(Records from a data collection)
☆ ☆ ☆ ☆ ☆

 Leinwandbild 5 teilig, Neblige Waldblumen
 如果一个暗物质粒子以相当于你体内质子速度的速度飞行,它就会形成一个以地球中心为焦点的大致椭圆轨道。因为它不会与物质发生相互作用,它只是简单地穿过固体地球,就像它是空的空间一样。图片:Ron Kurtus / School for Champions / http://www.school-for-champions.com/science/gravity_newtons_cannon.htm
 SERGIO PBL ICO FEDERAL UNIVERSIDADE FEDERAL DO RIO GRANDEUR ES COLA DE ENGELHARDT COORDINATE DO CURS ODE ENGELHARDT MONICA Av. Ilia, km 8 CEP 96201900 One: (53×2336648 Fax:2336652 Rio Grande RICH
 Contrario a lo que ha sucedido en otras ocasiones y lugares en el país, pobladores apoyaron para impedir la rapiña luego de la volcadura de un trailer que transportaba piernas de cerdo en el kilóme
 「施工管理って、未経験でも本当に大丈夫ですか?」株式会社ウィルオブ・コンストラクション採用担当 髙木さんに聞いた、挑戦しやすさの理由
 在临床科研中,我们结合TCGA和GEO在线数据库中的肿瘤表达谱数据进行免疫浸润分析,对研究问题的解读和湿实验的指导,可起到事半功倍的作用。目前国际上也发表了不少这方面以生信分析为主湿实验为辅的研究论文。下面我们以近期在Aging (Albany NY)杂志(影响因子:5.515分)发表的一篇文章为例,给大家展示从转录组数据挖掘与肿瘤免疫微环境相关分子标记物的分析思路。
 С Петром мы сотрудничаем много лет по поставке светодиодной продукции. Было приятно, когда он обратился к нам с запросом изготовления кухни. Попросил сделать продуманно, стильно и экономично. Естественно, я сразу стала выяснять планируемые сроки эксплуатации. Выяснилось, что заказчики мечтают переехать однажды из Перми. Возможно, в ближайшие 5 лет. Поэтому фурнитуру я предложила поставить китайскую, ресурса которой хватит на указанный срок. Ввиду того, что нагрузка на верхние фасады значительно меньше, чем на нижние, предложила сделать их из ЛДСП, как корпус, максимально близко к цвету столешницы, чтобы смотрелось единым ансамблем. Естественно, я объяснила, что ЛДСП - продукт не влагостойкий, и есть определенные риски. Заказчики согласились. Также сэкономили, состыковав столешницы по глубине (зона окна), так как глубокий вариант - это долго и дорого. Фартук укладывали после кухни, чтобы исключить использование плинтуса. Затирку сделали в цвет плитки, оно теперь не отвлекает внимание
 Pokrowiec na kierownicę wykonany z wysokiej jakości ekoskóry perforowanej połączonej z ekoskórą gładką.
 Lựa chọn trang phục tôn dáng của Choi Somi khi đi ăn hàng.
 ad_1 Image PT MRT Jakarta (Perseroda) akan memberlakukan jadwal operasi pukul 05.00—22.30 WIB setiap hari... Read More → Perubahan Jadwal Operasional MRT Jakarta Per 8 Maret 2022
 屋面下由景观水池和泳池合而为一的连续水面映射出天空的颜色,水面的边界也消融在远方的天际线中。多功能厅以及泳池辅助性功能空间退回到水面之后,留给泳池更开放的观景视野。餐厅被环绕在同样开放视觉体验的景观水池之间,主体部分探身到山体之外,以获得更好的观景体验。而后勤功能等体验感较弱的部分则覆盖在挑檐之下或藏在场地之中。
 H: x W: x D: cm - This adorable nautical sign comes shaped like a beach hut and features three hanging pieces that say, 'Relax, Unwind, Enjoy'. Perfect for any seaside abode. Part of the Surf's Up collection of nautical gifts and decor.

☆ ☆ ☆ ☆ ☆

## DESCRIPTION OF THE TASK
Repeat the records verbatim, every one of them.

## COMPLETED TASK
 Leinwandbild 5 teilig, Neblige Waldblumen
 如果一个暗物质粒子以相当于你体内质子速度的速度飞行,它就会形成一个以地球中心为焦点的大致椭圆轨道。因为它不会与物质发生相互作用,它只是简单地穿过固体地球,就像它是空的空间一样。图片:Ron Kurtus / School for Champions / http://www.school-for-champions.com/science/gravity_newtons_cannon.htm
 SERGIO PBL ICO FEDERAL UNIVERSIDADE FEDERAL DO RIO GRANDEUR ES COLA DE ENGELHARDT COORDINATE DO CURS ODE ENGELHARDT MONICA Av. Ilia, km 8 CEP 96201900 One: (53×2336648 Fax:2336652 Rio Grande RICH
 Contrario a lo que ha sucedido en otras ocasiones y lugares en el país, pobladores apoyaron para impedir la rapiña luego de la volcadura de un trailer que transportaba piernas de cerdo en el kilóme
 「施工管理って、未経験でも本当に大丈夫ですか?」株式会社ウィルオブ・コンストラクション採用担当 髙木さんに聞いた、挑戦しやすさの理由
 在临床科研中,我们结合TCGA和GEO在线数据库中的肿瘤表达谱数据进行免疫浸润分析,对研究问题的解读和湿实验的指导,可起到事半功倍的作用。目前国际上也发表了不少这方面以生信分析为主湿实验为辅的研究论文。下面我们以近期在Aging (Albany NY)杂志(影响因子:5.515分)发表的一篇文章为例,给大家展示从转录组数据挖掘与肿瘤免疫微环境相关分子标记物的分析思路。
 С Петром мы сотрудничаем много лет по поставке светодиодной продукции. Было приятно, когда он обратился к нам с запросом изготовления кухни. Попросил сделать продуманно, стильно и экономично. Естественно, я сразу стала выяснять планируемые сроки эксплуатации. Выяснилось, что заказчики мечтают переехать однажды из Перми. Возможно, в ближайшие 5 лет. Поэтому фурнитуру я предложила поставить китайскую, ресурса которой хватит на указанный срок. Ввиду того, что нагрузка на верхние фасады значительно меньше, чем на нижние, предложила сделать их из ЛДСП, как корпус, максимально близко к цвету столешницы, чтобы смотрелось единым ансамблем. Естественно, я объяснила, что ЛДСП - продукт не влагостойкий, и есть определенные риски. Заказчики согласились. Также сэкономили, состыковав столешницы по глубине (зона окна), так как глубокий вариант - это долго и дорого. Фартук укладывали после кухни, чтобы исключить использование плинтуса. Затирку сделали в цвет плитки, оно теперь не отвлекает внимание
 Pokrowiec na kierownicę wykonany z wysokiej jakości ekoskóry perforowanej połączonej z ekoskórą gładką.
 Lựa chọn trang phục tôn dáng của Choi Somi khi đi ăn hàng.
 ad_1 Image PT MRT Jakarta (Perseroda) akan memberlakukan jadwal operasi pukul 05.00—22.30 WIB setiap hari... Read More → Perubahan Jadwal Operasional MRT Jakarta Per 8 Maret 2022
 屋面下由景观水池和泳池合而为一的连续水面映射出天空的颜色,水面的边界也消融在远方的天际线中。多功能厅以及泳池辅助性功能空间退回到水面之后,留给泳池更开放的观景视野。餐厅被环绕在同样开放视觉体验的景观水池之间,主体部分探身到山体之外,以获得更好的观景体验。而后勤功能等体验感较弱的部分则覆盖在挑檐之下或藏在场地之中。
 H: x W: x D: cm - This adorable nautical sign comes shaped like a beach hut and features three hanging pieces that say, 'Relax, Unwind, Enjoy'. Perfect for any seaside abode. Part of the Surf's Up collection of nautical gifts and decor.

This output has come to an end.